Work task |
Could the data below be copied exactly, minus the pictures?

Recorded data |
# # # # #

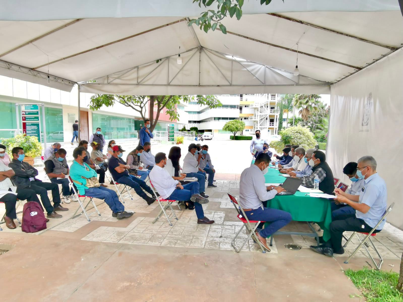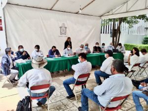 Tlalixtac de Cabrera, Oax. 12 de julio del 2021., La Secretaría General de Gobierno (Segego), a través de la Junta de Conciliación Agraria en coordinación con el representante de la Secretaría de Gobernación en Oaxaca (Segob), José Carlos Fuentes Ordaz; el responsable de Acciones de Derechos Humanos del Instituto Nacional de los Pueblos Indígenas (INPI), Juan de Dios Ortiz Concha, junto con la Defensoría de los Derechos Humanos del Pueblo de Oaxaca (DDHPO), personal de la Procuraduría Agraria, Fiscalía General del Estado y de la Secretaría de Seguridad Pública, sostuvieron una mesa de diálogo con las autoridades municipales y agrarias de Cuilápam de Guerrero.
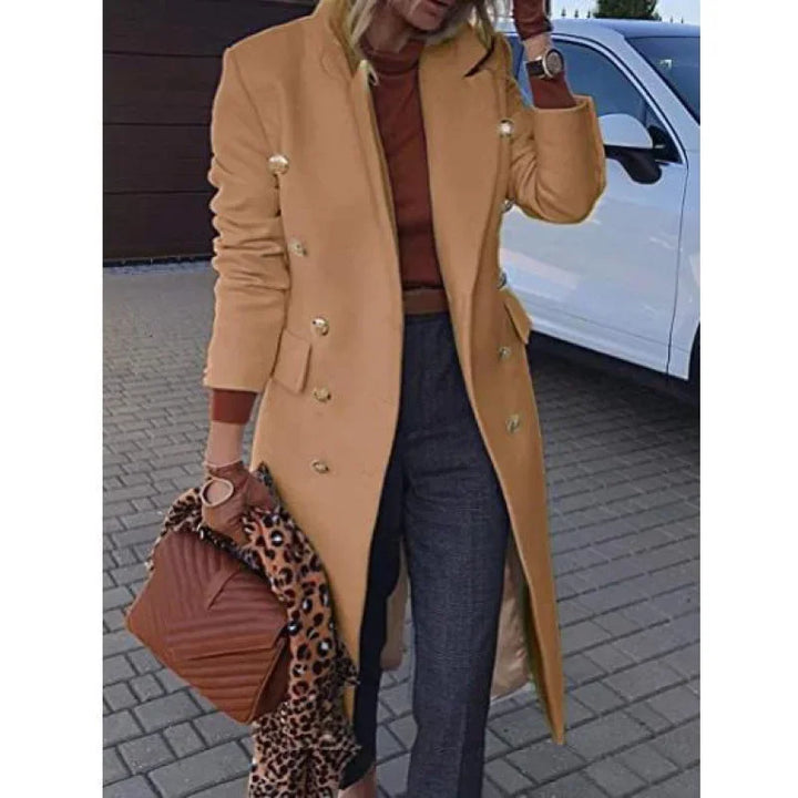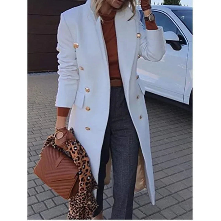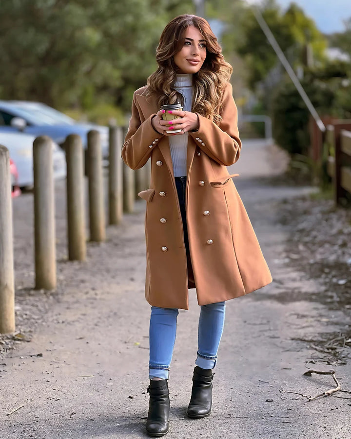 Feito com material de lã de alta qualidade, este sobretudo garante isolamento térmico eficiente, mantendo você aquecida mesmo nas temperaturas mais baixas. O decote em V e o fechamento com botões proporcionam um visual refinado, que valoriza a silhueta feminina com elegância.
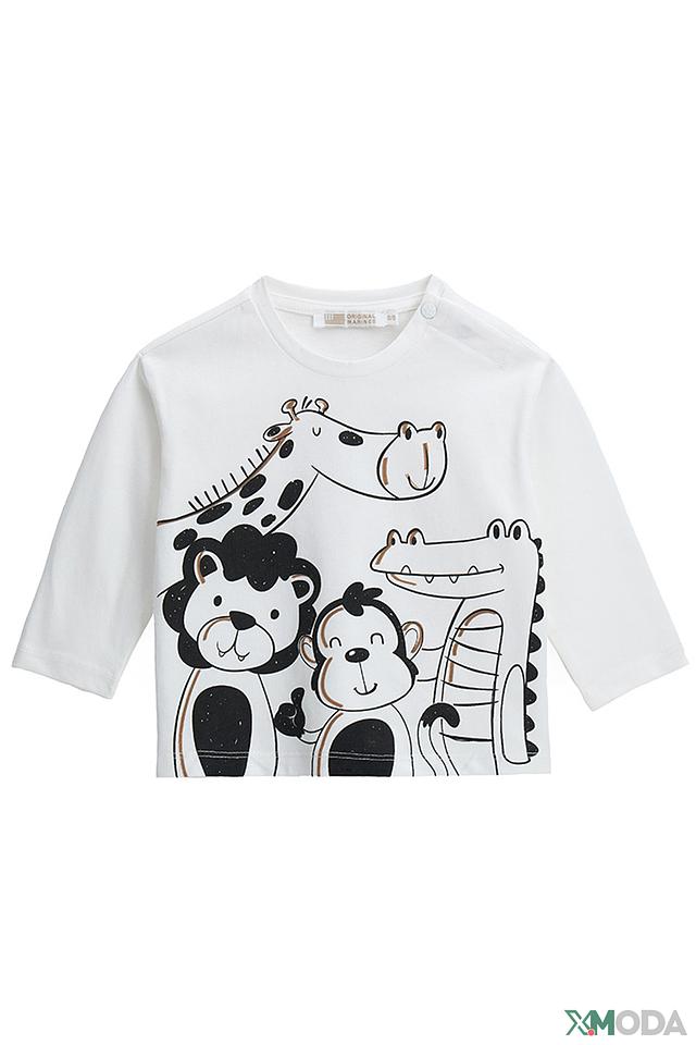 Лонгслив Original Marines молочного цвета с ярким принтом в виде забавных животных. Изготовлен из 100% хлопка, обеспечивающего комфорт и удобство в носке. Состав: хлопок 100%

# # # # #

Output of the exercise |
 Tlalixtac de Cabrera, Oax. 12 de julio del 2021., La Secretaría General de Gobierno (Segego), a través de la Junta de Conciliación Agraria en coordinación con el representante de la Secretaría de Gobernación en Oaxaca (Segob), José Carlos Fuentes Ordaz; el responsable de Acciones de Derechos Humanos del Instituto Nacional de los Pueblos Indígenas (INPI), Juan de Dios Ortiz Concha, junto con la Defensoría de los Derechos Humanos del Pueblo de Oaxaca (DDHPO), personal de la Procuraduría Agraria, Fiscalía General del Estado y de la Secretaría de Seguridad Pública, sostuvieron una mesa de diálogo con las autoridades municipales y agrarias de Cuilápam de Guerrero.
 Feito com material de lã de alta qualidade, este sobretudo garante isolamento térmico eficiente, mantendo você aquecida mesmo nas temperaturas mais baixas. O decote em V e o fechamento com botões proporcionam um visual refinado, que valoriza a silhueta feminina com elegância.
 Лонгслив Original Marines молочного цвета с ярким принтом в виде забавных животных. Изготовлен из 100% хлопка, обеспечивающего комфорт и удобство в носке. Состав: хлопок 100%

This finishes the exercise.